«Борьба за мировую гегемонию в Европе будет выиграна путем обретения русского пространства […] Русское пространство — это наша Индия, и, так же как англичане правят там горсткой своих людей, так и мы будем править этим нашим колониальным пространством. Украинцам мы привезем головные платки, стеклянные бусы как украшения и другие вещи, которые нравятся колониальным народам».
Эти фантазии Адольф Гитлер изложил в 1941 году в одном из своих монологов в Главной ставке всего через несколько недель после вторжения в Советский Союз. Они иллюстрируют один из важных вопросов германской исторической памяти, который в последние годы обсуждается и в обществе.
Этот вопрос только на первый взгляд кажется простым: ограничивается ли колониальный опыт Германии только периодом, когда Германия формально была колониальной державой, то есть временем от 1884 до 1919 года? Или же колониальная идея и позже играла определенную роль, последовательно развивалась в немецкой истории и теперь требует принципиального объяснения — в том числе и даже в особенности для периода национал-социализма?
До сих пор в общественном сознании колониальное прошлое Германии вытесняется или приукрашивается. Германскую колониальную империю воспринимают в ностальгической свете или помещают ее где-то между приключениями бойскаутов или помощью развивающимся странам в тогдашнем ее понимании. Считается, что эта империя просуществовала совсем недолго и поэтому особых следов не оставила, как будто время существования может что-то сказать об интенсивности и последствиях германского колониального господства. Как-никак оно продержалось 35 лет, то есть более чем в два раз дольше, чем Третий рейх. А немецкое господство над Намибией продолжилось в десять раз дольше, чем над оккупированными частями Советского Союза во время Второй мировой войны.

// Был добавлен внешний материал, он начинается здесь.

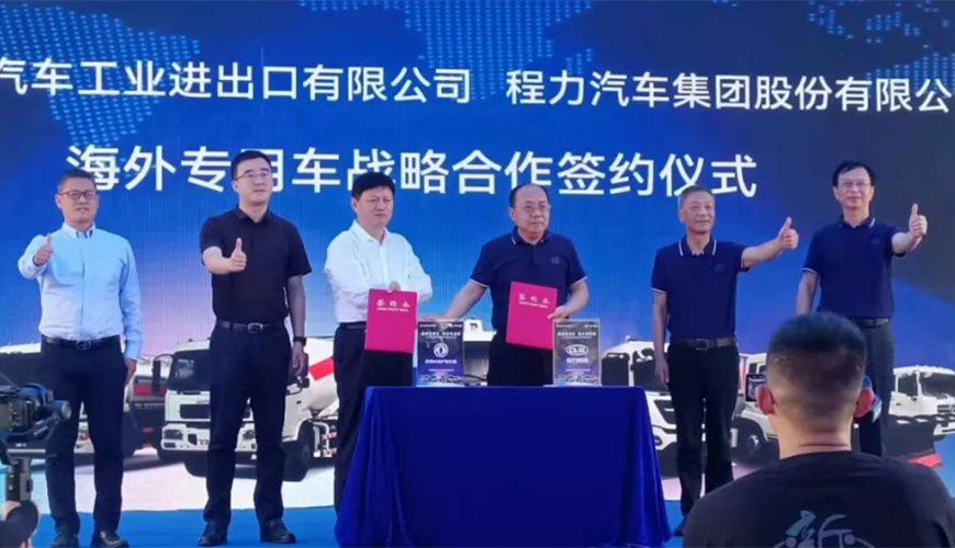 在這次線下大型東風商用車海外市場新產品推薦會上,中國東風汽車工業進出口有限公司與程力汽車集團股份有限公司聯合舉行了海外專用車戰略合作簽約儀式,雙方高層領導簽約后合影紀念。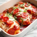 This Pizza Chicken recipe combines juicy seared chicken breasts with classic pizza flavors such as tomato sauce, mozzarella cheese, pepperoni, and fresh basil. It’s an easy, oven-baked dish perfect for a flavorful weeknight dinner that brings the taste of pizza in a protein-packed form.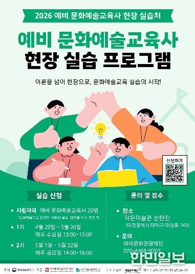 신청은 4월 28일까지 가능하며, 문화예술교육사 2급 자격과정 이수자 또는 ‘문화예술교육 현장의 이해와 실습’ 교과목 수강자를 대상으로 한다. 접수는 포스터 내 QR코드를 통해 네이버폼으로 진행된다.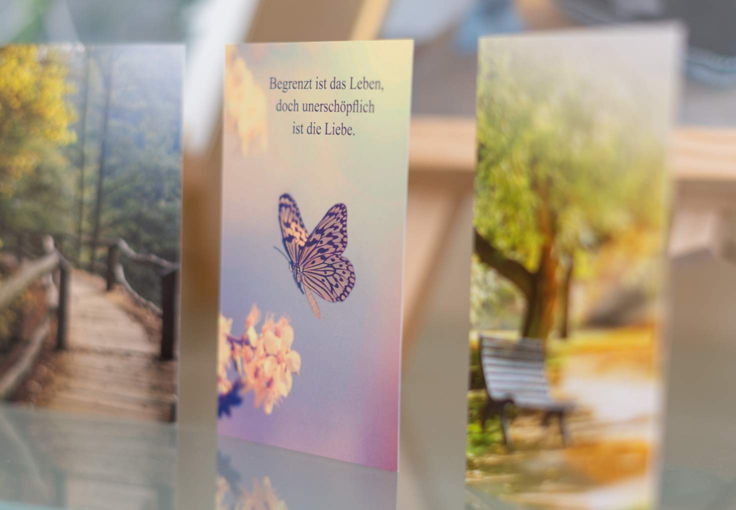 Hinzu kommen die Gestaltung von Traueranzeigen und Trauerdruck, die Organisation der Bestattungsfeier, inklusive Musik und Dekoration sowie die Kommunikation mit Behörden, Versicherungen (z.B. Rentenkasse, u.s.w.), Kirchengemeinden, Floristen, Zeitungsverlag und der Gaststätte für die Kaffeetafel. Wir arbeiten mit den Friedhofsverwaltungen besonders eng zusammen, um für immer die passende Grabstätte möglich zu machen. Außerdem informieren wir Sie kostenlos und unverbindlich zu allen Fragen der Bestattungsvorsorge.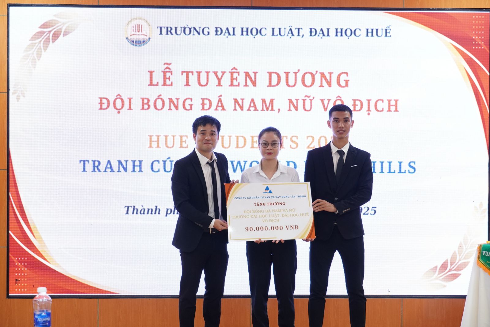 Cũng trong dịp này, nhà tài trợ Công ty Cổ phần Tư vấn và Xây dựng Tây Thành đã trao phần thưởng trị giá 90 triệu đồng cho hai đội bóng.

«Народ без жизненного пространства» в Африке и в Восточной Европе
Катастрофические последствия для колонизируемых народов почти полностью игнорируются в общественном восприятии. И уже одно это плохо. Но, помимо этого, подобная колониальная амнезия приводит и к странному провалу в понимании преступлений Третьего рейха и, соответственно, в их осмыслении.
Потому что как минимум захватническая война на уничтожение против Польши и Советского Союза полностью вписывается в колониальную традицию Германии. Колониальные устремления Германии закончились не в 1919 году с утратой колоний в Африке, а лишь в 1945 году. Только вторая попытка основать германскую колониальную империю, на этот раз на востоке, потерпела уже окончательный крах.
Захватническая война на уничтожение, которую вели нацисты, имела явно колониальное измерение. Об этом свидетельствуют высказывания Гитлера и Ганса Йоста, секретаря рейхсфюрера СС Гиммлера. Зимой 1939-1940 годов после поездки с Гиммлером по оккупированной Польше Йост заявил: «Поляки ни в коей мере не являются государствообразующим народом. У них для этого отсутствует самые простые предпосылки. (…) Страна, которая имеет столь малое понятие о сути поселения… это колониальная страна»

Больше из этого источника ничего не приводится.